Key-Value Cache Management

Updated 21 October 2025

Key-value cache management is the systematic regulation of key and value tensors using admission and eviction policies to enhance throughput and memory efficiency in transformer models.
Compression techniques such as mixed-precision and product quantization enable significant memory reduction while preserving accuracy in large-scale AI applications.
Adaptive hierarchical budget allocation and distributed metadata systems ensure scalable, real-time performance improvements in both database and LLM inference environments.

Key-value cache (KVC) management refers to the suite of algorithms, architectural strategies, and system-level optimizations that govern the retention, eviction, compression, and retrieval of intermediate state—key and value tensors—across a spectrum of hardware and software environments. KVC fundamentally shapes the throughput, memory efficiency, and context capability of transformer-based models, both in web-scale storage and in generative inference for LLMs. The research landscape encompasses methods for size-heterogeneous object stores, high-throughput proxy caches, distributed metadata systems, and the memory-limited regimes of GPU-based LLM inference, reflecting the centrality of KVC management to efficient, scalable AI and storage infrastructure.
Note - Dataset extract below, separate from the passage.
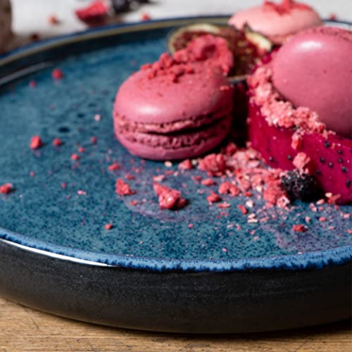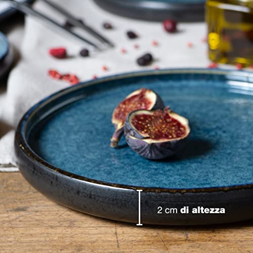 Set completo: piatto da insalata Moritz & Moritz in gres, diametro 21 cm e bordo alto 2 cm, 625 g per piatto, interno blu, esterno nero opaco, adatto al microonde e alla lavastoviglie

1. KVC Management Principles: Policy Formulation and Theoretical Underpinnings

The essence of KVC management lies in the precise regulation of which keys and values are retained under fixed or variable resource budgets. Admission and eviction policies often draw from classic cache theory, but modern settings require generalizations that embrace variable object sizes, heterogeneous access frequencies, dynamic importance, and structural dependencies.
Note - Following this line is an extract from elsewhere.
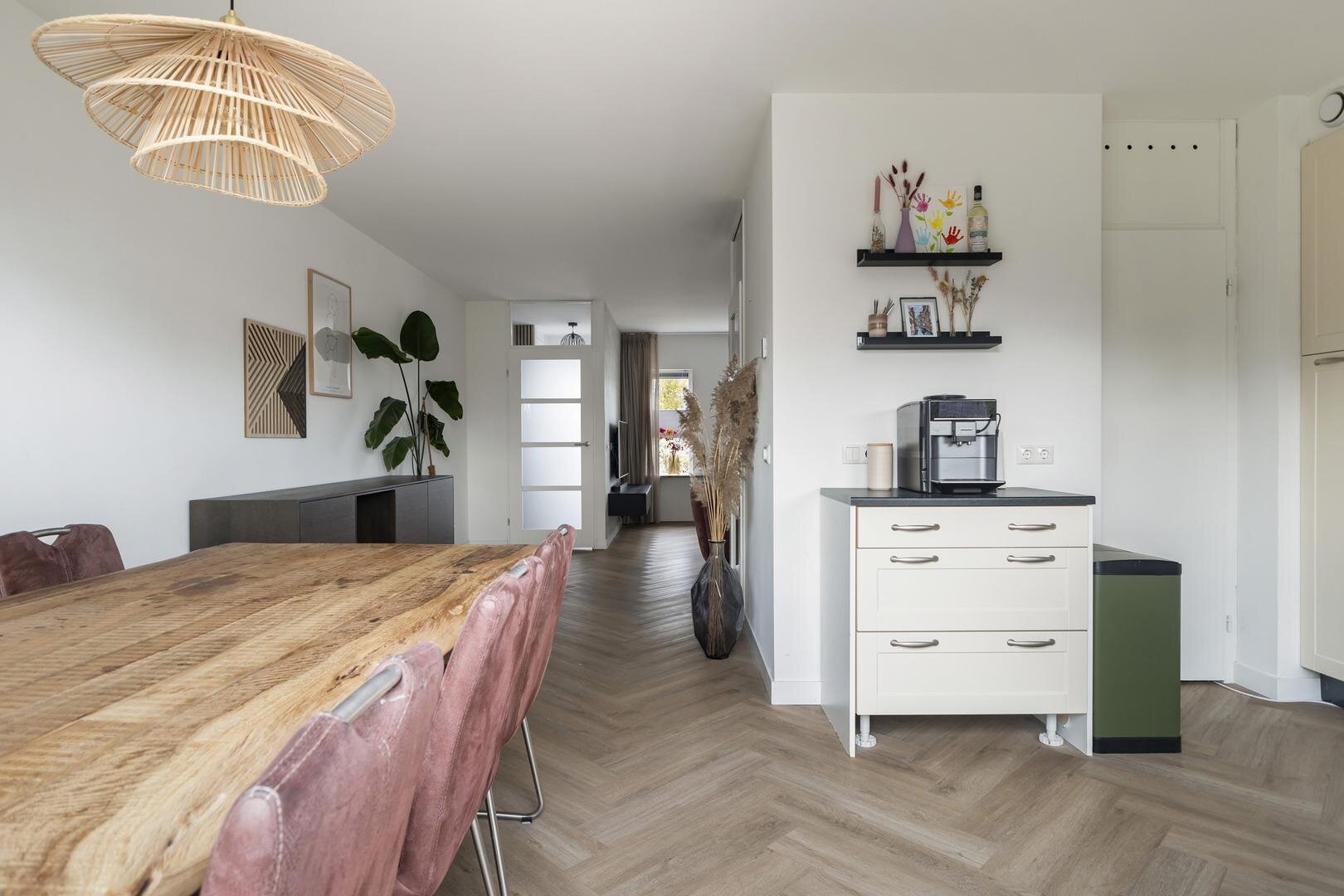- gehele begane grond is voorzien vloerverwarming en visgraat PVC-vloer

Size-aware admission: In traditional caches, admission decisions rely on frequency or recency metrics, as in TinyLFU. Extensions for variable-sized objects (e.g., "Lightweight Robust Size Aware Cache Management" (Einziger et al., 2021)) introduce comparison schemes that aggregate frequencies across variable-sized victims, ensuring that byte hit ratio, not just object hit ratio, is optimized. Admission decisions may be formalized as:

$f_\text{candidate} \geq \sum_{i} f_{\text{victim}_i} \implies \text{admit candidate}$

where $f$ denotes frequency estimates derived via count-min sketches or similar structures.

Importance-aware retention: Modern policies for LLMs compute token "importance" based on future attention received, recency, or more sophisticated temporal and statistical signals (Ren et al., 9 Feb 2024). The mean attention score (MAS) emerges as a robust metric:

$\text{MAS}(x) = \frac{\sum_{\text{future } t} \text{AttentionScore}(x, t)}{\#\,\text{future references}}$

This mitigates recency bias and ties retention more directly to future computational demand.
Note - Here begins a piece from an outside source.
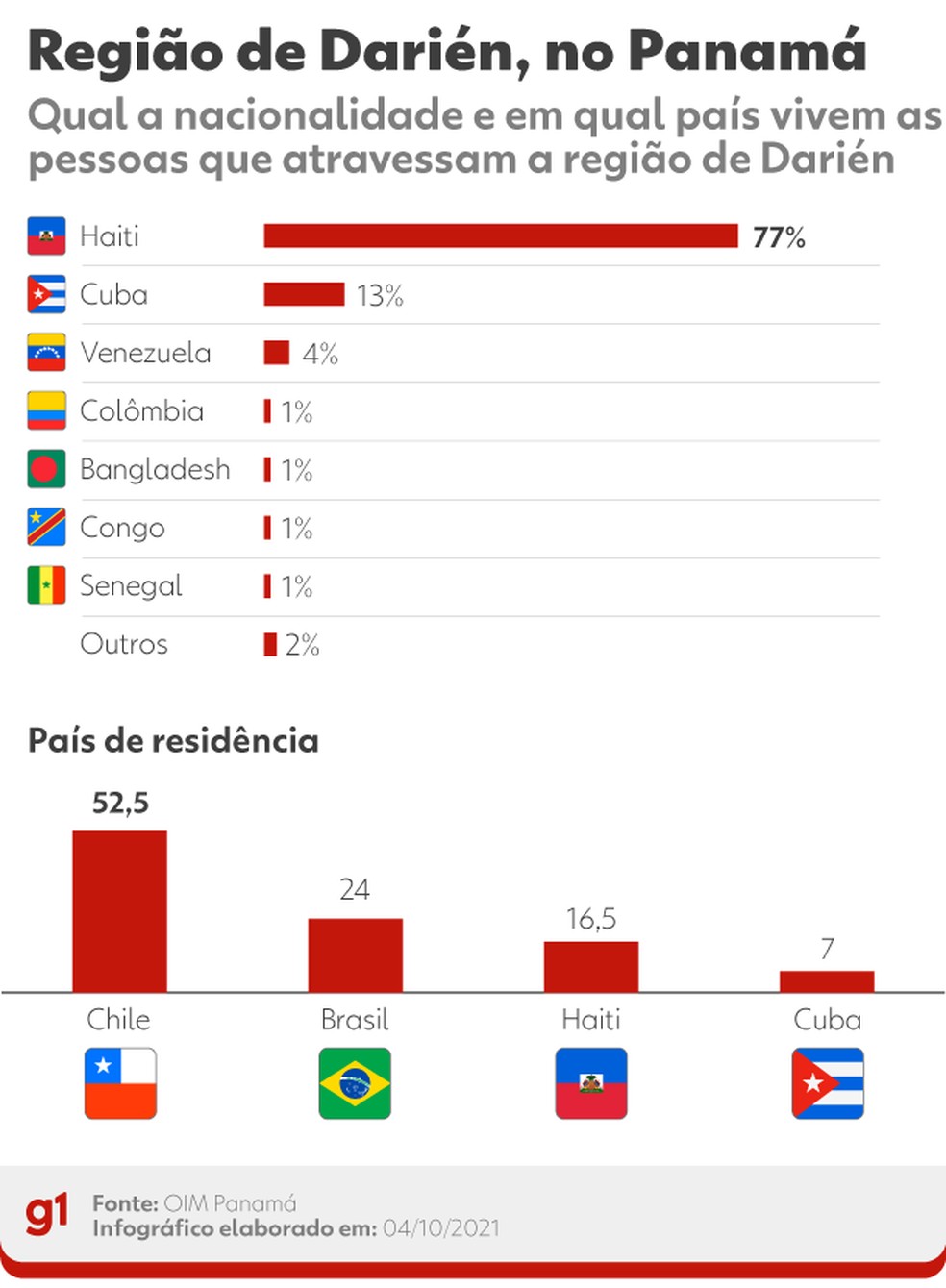 Dessas, cerca de 24% tinham residência no Brasil, mas apenas 0,46% eram brasileiras —de acordo com um representante da OIM no Panamá ouvido pelo g1, esse não é um caminho que brasileiros fazem para tentar chegar aos EUA; a grande maioria das pessoas que tinham residência no Brasil é de haitianos.

Eviction scope and robustness: The definition of "eviction candidate" sets is now contextual. For example, tokens with high standard deviation in attention received (reflecting volatile or unpredictable impact) are excluded from eviction since removal risk destabilizing the computation (Ren et al., 9 Feb 2024).

Graph- and Game-Theoretic Models: Emerging work explores graph-based importance propagation (GraphKV (Li et al., 30 Aug 2025)) where token redundancy is dynamically suppressed by constructing similarity graphs among tokens, and attention head budget allocation via cooperative game theory (CoKV (Sun et al., 21 Feb 2025)) using approximated Shapley values to capture joint contributions.

2. Compression, Quantization, and Merging for Memory Efficiency

Given the O(sequence length × model layers × head dimension) scaling, direct retention of all KVs quickly becomes intractable. To counter this, the field has developed multifaceted compression schemes:

Heterogeneous Mixed-Precision Quantization: Methods such as LeanKV (Zhang et al., 4 Dec 2024) and MiKV (Yang et al., 28 Feb 2024) employ non-uniform quantization, storing keys—which influence all attention scores—at higher precision than values, which only scale outputs:

Keys: typically 8 bits (K8)
Values: typically 4 bits (V4) Tokens crossing a significance threshold may be dropped (pruned) or further compressed.

Residual and Predictor-Based Quantization: AQUA-KV (Shutova et al., 31 Jan 2025) exploits strong layer-to-layer dependencies in the transformer. By fitting predictors $f_k$ and $f_v$ to reconstruct keys and values in layer $l$ from $l-1$ , only the unpredictable residuals are quantized. This allows compression to 2–2.5 bits per value with $<1\%$ accuracy loss.

Product Quantization (PQ): PQCache (Zhang et al., 1 Jul 2024) applies product quantization to key vectors—subdividing each key into $m$ sub-vectors, encoding each via learned codebooks, and facilitating approximate maximum inner product search (MIPS) for subsequent retrieval. This is particularly efficient for large, fixed context windows as in LLM prefill phases.

Merging with Consistency Guarantees: KeepKV (Tian et al., 14 Apr 2025) replaces convex merging with the ZIP-Merging algorithm, which, via the Electoral Votes mechanism, exactly preserves the weighted contribution of merged KVs in softmax computation. This eliminates output perturbation:

$o_t = \frac{\sum_i p_i s_i^t v_i}{\sum_i p_i s_i^t}$

where $p_i$ accumulates the vote counts of merged entries.

Token Grouping and Alternate Representations: KVCrush (Jha et al., 24 Feb 2025) encodes token attention patterns as binary feature vectors (across heads), clustering tokens using efficient Hamming distance. A small set of representative tokens then proxies for groups of dropped tokens, minimizing accuracy loss under tight budgets.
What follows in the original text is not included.